INPUT DATA section start

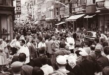Een begrafenisstoet,waarschijnlijk van een hoog marineman, in de Stuiverstraat en de Torhoutse steenweg,op de achtergrond het Sinte Catharinaplein. Op de hoek was cafΓ© "Sportwereld",er naastΒ een telefoonmast.
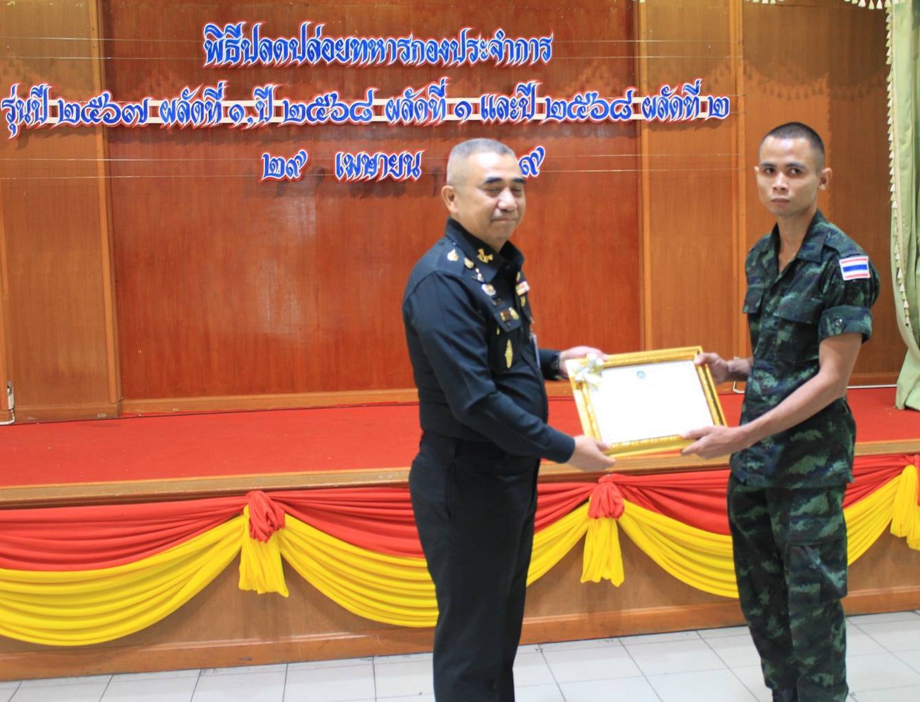 จากนั้นผู้บัญชาการมณฑลทหารบกที่ 13 ได้เป็นประธานในการประกอบพิธีปลดปล่อยทหารกองประจำการ รุ่นปี 2567 ผลัดที่ 1 รุ่นปี 2568 ผลัดที่ 1 และรุ่นปี 2568 ผลัดที่ 2 ซึ่งตัวแทนทหารกองประจำการได้กล่าวถึงความรู้สึกที่เข้ามารับราชการทหาร จากนั้นผู้บัญชาการมณฑลทหารบกที่ 13 และนายทหารชั้นผู้ใหญ่ ได้มอบสมุดประจำตัวให้กับทหารที่ปลดประจำการในครั้งนี้ นอกจากนี้ยังได้มอบใบประกาศนียบัตรแสดงความยินดีที่ทหารกองประจำการ ที่สามารถสอบเข้ารับราชการเป็นนักเรียนนายสิบ พร้อมกับได้ให้โอวาทแก่ทหารที่จะปลดประจำการว่าขอให้ทุกนายที่จะปลดไปเป็นทหารกองหนุนทุกคนประพฤติตนเป็นคนดีของสังคม ขอให้ระลึกอยู่เสมอว่าทุกคนยังคงเป็นทหารที่เป็นกำลังสำคัญยิ่งของชาติ และประชาชน รวมทั้งขอบใจที่ทุกคนมีความตั้งใจในการปฏิบัติหน้าที่อย่างเต็มความสามารถ นอกจากนี้ยังได้ให้การช่วยเหลือพี่น้องประชาชนในยามประสบภัยต่าง ๆ พร้อมกันนี้ก็ขอให้ทุกคนเป็นคนดีของสังคมหลีกเลี่ยงจากยาเสพติด หากมีข่าวของผู้ที่จะไม่ประสงค์ดีต่อประเทศชาติก็ขอให้รีบแจ้งมายังหน่วยได้ทุกวันเวลา
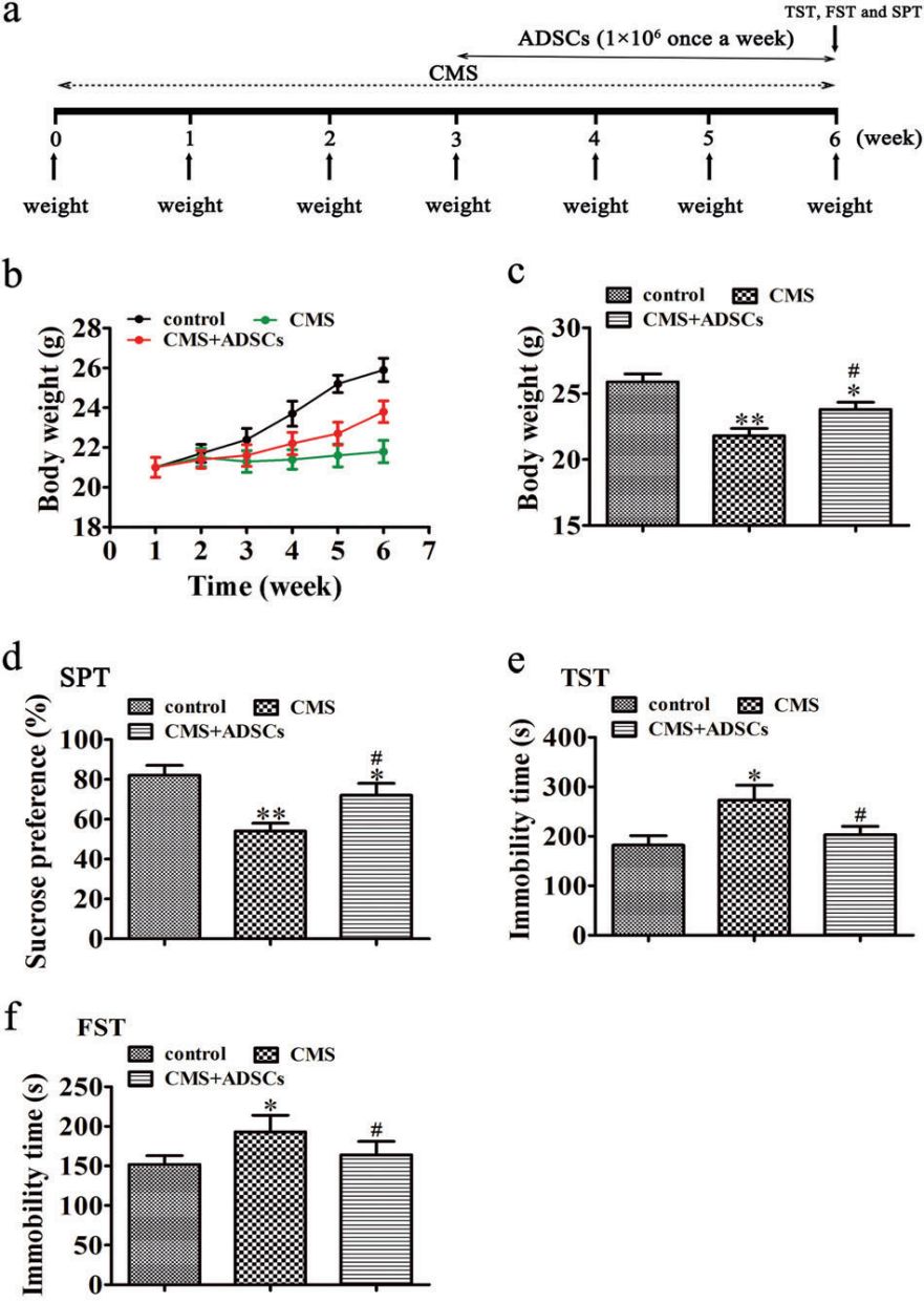 CMS科研设计如图1a所示:使用18只小鼠(对照组、CMS和CMS+MSC)。与对照组相比,CMS组小鼠的体重(BW)缓慢下降,MSC治疗恢复了CMS诱导的BW下降(图1b、1c)。CMS诱导小鼠出现明显的抑郁样行为,包括蔗糖偏好的降低(图1d)和TST(图1e)和FST(图1f)的静止性增加。MSC治疗能显著逆转CMS诱导的抑郁样行为,提示MSC治疗能改善CMS诱导的抑郁行为。
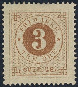 Sweden. Facit 17d ★, 3 öre orange-brown on yellowish paper. Superb–EXCELLENT.
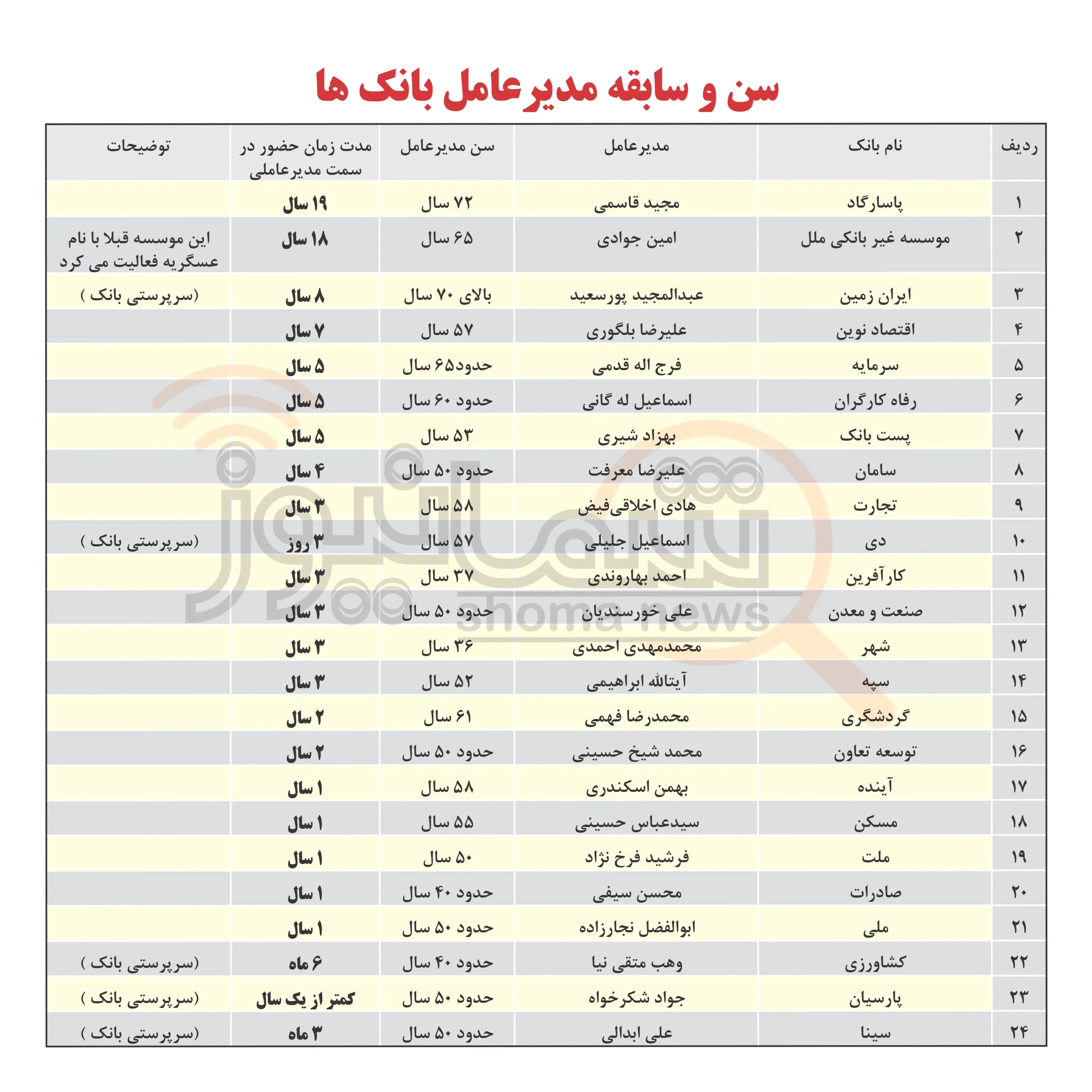 سن برخی از مدیران عامل بانکها حدودی درج گردیده است و اطلاعات کاملی در بیوگرافی موجود نبود.
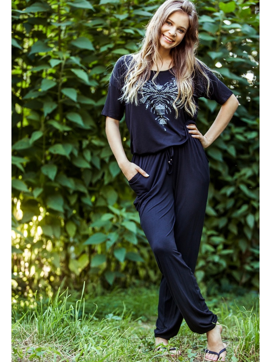 Комбинезон женский LHJ 841 от европейского производителя KEY. Длинный комбинезон с заниженной линией плеча, с коротким рукавом, декольте лодочкой и разрезом на спине. Удобная резинка на поясе и завязки с декоративными бусинами. Брюки-шаровары с мягкой резинкой на конце штанины.
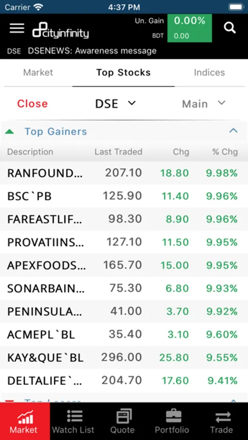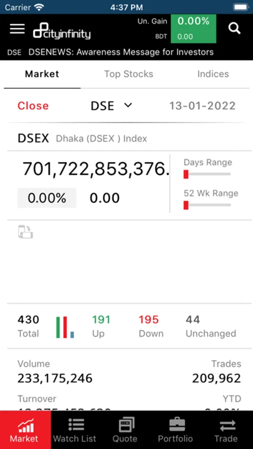 To use City Infinity, you will need to open Beneficiary Owners (BO) Account with City Brokerage Limited and register for City Infinity. To register please visit www.citybrokerageltd.com . Upon successful registration you will receive username and password in your registered email. Please use your credential to login to the application with your platform of choice and enjoy real-time online trading in both stock exchanges of Bangladesh from anywhere in the world.
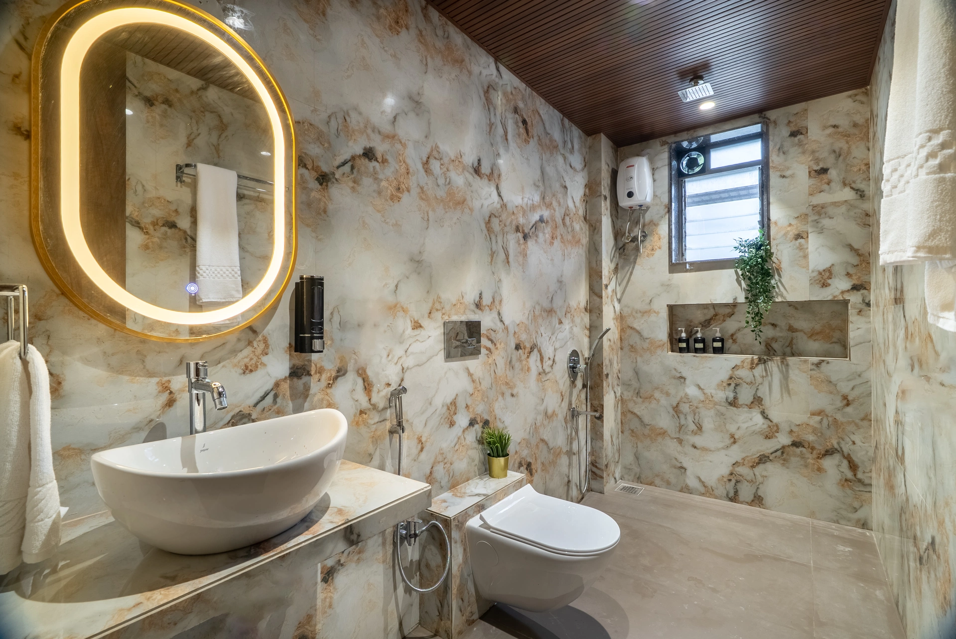 This luxury villa in Lonavala has a projector system along with a large flat-screen TV in the living area. You can host movie nights or watch reruns of your favourite series along with your friends and family.

INPUT DATA section end

■ **AIM OF THE TASK**
Only the lines starting at the one with "Sweden. Facit 17d" and ending at the one with "Комбинезон женский LHJ" should be printed, each exactly as it appears in the material above; the pictures are to be omitted.

■ **ANSWER SPACE**
 Sweden. Facit 17d ★, 3 öre orange-brown on yellowish paper. Superb–EXCELLENT.
 سن برخی از مدیران عامل بانکها حدودی درج گردیده است و اطلاعات کاملی در بیوگرافی موجود نبود.
 Комбинезон женский LHJ 841 от европейского производителя KEY. Длинный комбинезон с заниженной линией плеча, с коротким рукавом, декольте лодочкой и разрезом на спине. Удобная резинка на поясе и завязки с декоративными бусинами. Брюки-шаровары с мягкой резинкой на конце штанины.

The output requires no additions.